Endoscopic ultrasound-guided fine needle aspiration for smooth benign appearing malignant esophageal stricture: a cross-sectional study
Introduction
Esophageal stricture is a very common clinical manifestation. The most common cause is advanced esophageal cancer, which causes patients to have difficulty swallowing and eating. Most of these diseases can be diagnosed clearly by gastroscopic biopsy. However, few patients present with smooth overlying esophageal mucosa on endoscopy (1,2). In these cases, endoscopic mucosal biopsy results are often negative, making diagnosis difficult. Compared with ordinary endoscopic biopsy, endoscopic ultrasound-guided fine needle aspiration (EUS-FNA) biopsy has advantages. Endoscopic biopsy can only bite the inner surface of the esophagus, while EUS-FNA can acquire tissue from mucosal/submucosal tumors, as well as peri-intestinal structures including lymph nodes, pancreas, adrenal gland, gallbladder, bile duct, liver, kidney, and lung. EUS-FNA is a very mature technology, which enables the needle biopsy of the lesions of the digestive tract and its surrounding organs through the digestive tract. Clinically, it is widely used for the diagnosis of pancreatic tumor, lung cancer, and mediastinal lymph node metastasis (3-6). This study sought to examine the use of EUS-FNA in smooth esophageal strictures. Based on cytology, histopathology, and immunohistochemistry results, the cause of smooth esophageal strictures can be identified as a guidance for clinical treatment. We present the following article in accordance with the STROBE reporting checklist (available at https://jtd.amegroups.com/article/view/10.21037/jtd-22-584/rc).
Methods
Subjects
We collected the case data of patients who underwent EUS-FNA needle biopsies at the Tianjin Medical University Cancer Institute and Hospital. From September 2016 to November 2021, 50 patients were enrolled. All the patients were suspected to have malignant esophageal stricture but had negative biopsies.

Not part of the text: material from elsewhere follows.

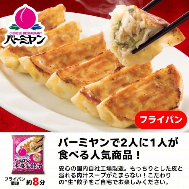 【バーミヤン 本格冷凍生餃子(470g/目安20個)】野菜(キャベツ、にら、生姜、にんにく)、豚背脂、豚肉、ねぎ油、胡麻オイル、酒、鶏卵、中華スープの素、醤油、砂糖、食物繊維、塩、コショウ、皮(小麦粉(国内製造)、粉末油脂、乳化油脂、塩)/加工デンプン、調味料(アミノ酸等)、(一部に小麦・卵・乳成分・オレンジ・大豆・鶏肉・豚肉・ごまを含む)
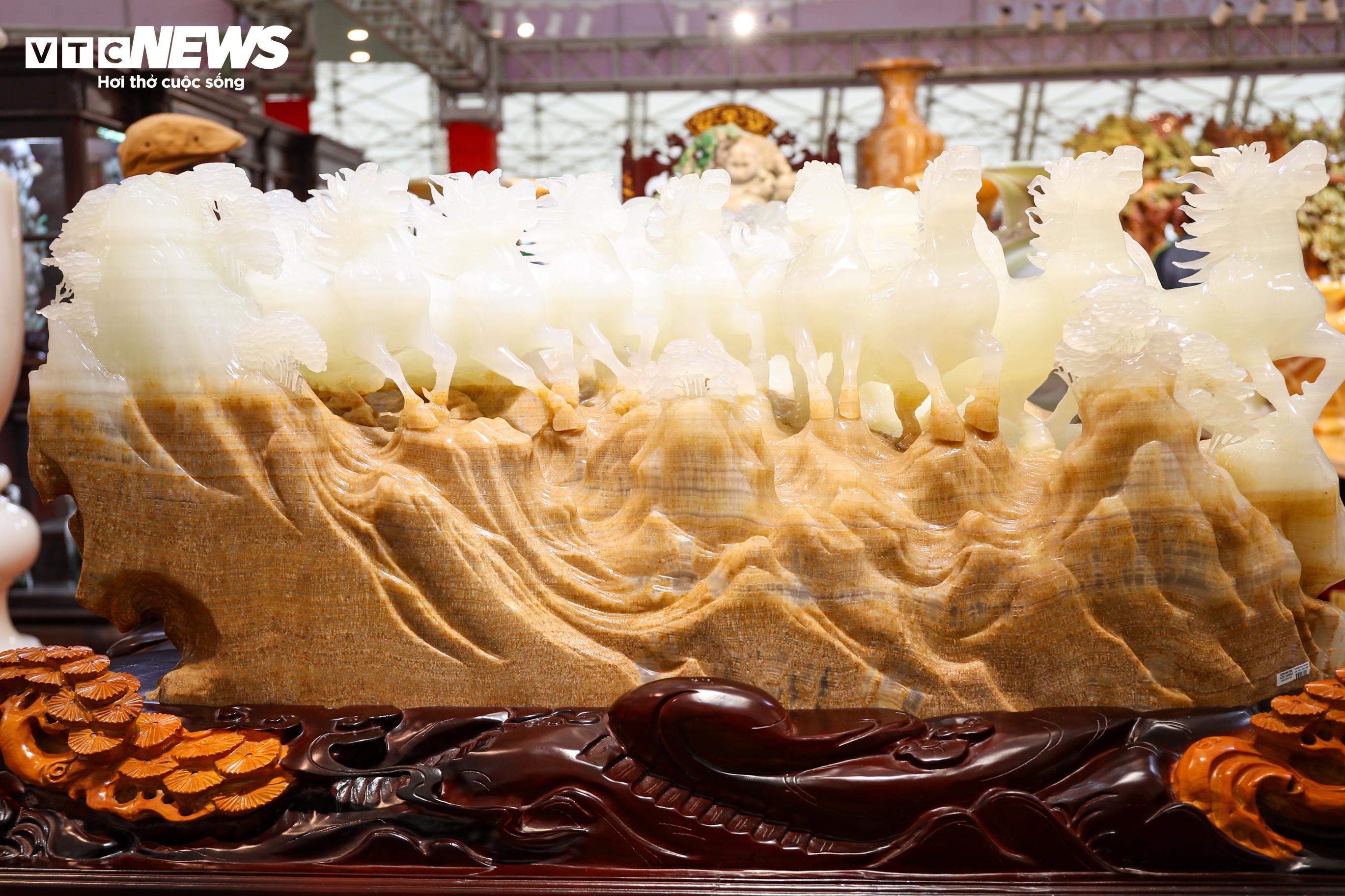 Được tạc từ đá onyx nguyên khối, tác phẩm Bát Mã khắc họa hình ảnh 8 con ngựa phi nước đại, gửi gắm khát vọng về một Việt Nam phát triển mạnh mẽ, với mức giá hơn 800 triệu đồng.

All the patients had varying degrees of dysphagia, and computed tomography (CT) revealed a thickening of the esophageal wall, or a mediastinal mass, mediastinal lymph node involvement or the compression of the esophageal wall. The endoscopies revealed esophageal strictures, and the endoscopic biopsies were negative. EUS-FNA was performed for the pathological diagnosis. The clinical manifestations, patient history, imaging examinations, gastroscopic findings, EUS-FNA results, and treatment plans were recorded and analyzed.
EUS-FNA puncture was not accompanied by on-site cytology and obtaining satisfactory tissue strips was the end point (based on the experience of the performer). If 1 of the traditional smears and liquid-based cytology was positive, the cytology was considered positive. When the histology results alone failed to provide a clear diagnosis or reveal the pathological type and tissue source of the lesions, some patients also underwent immunohistochemical examinations. The lesions were considered histologically positive based on histological and immunohistochemical determinations of the nature and pathological type. The study was conducted in accordance with the Declaration of Helsinki (as revised in 2013). This study was approved by the Ethics Committee of Tianjin Medical University Cancer Institute and Hospital (No. bc2022079). Before EUS-FNA, all the patients were fully informed of the relevant risks and signed the informed consent form.
Devices and accessories
A linear-array ultrasound gastroscope (EG 3870UTK; Pentax, Tokyo, Japan) or a bronchoscope (GF UCT 180, Olympus Corp., Tokyo, Japan) was used for the puncture. When necessary, the lesions were assessed using a small probe (20-MHz miniprobe, UM-DG20-31R; Olympus, Tokyo, Japan) before the puncture. The FNA was performed using a 19-G (ECHO 19, Cook Endoscopy) or 22-G (ECHO 3-22, Cook Endoscopy, Winston-Salem, NC, USA) needle. The type of puncture needle used was determined by the operator according to the site, size, and blood supply of a specific lesion.
EUS-FNA
Preoperative routine examinations of electrocardiogram (ECG), coagulation function, and routine blood works were conducted to rule out serious cardiopulmonary diseases and coagulation disorders. Oral anticoagulants, such as aspirin, were stopped for 1 week before surgery. Fasting was prescribed for 4–6 hours before surgery. All patients in the present cohort were operated under conscious sedation and anesthesia, and ECG monitoring was performed during the operation.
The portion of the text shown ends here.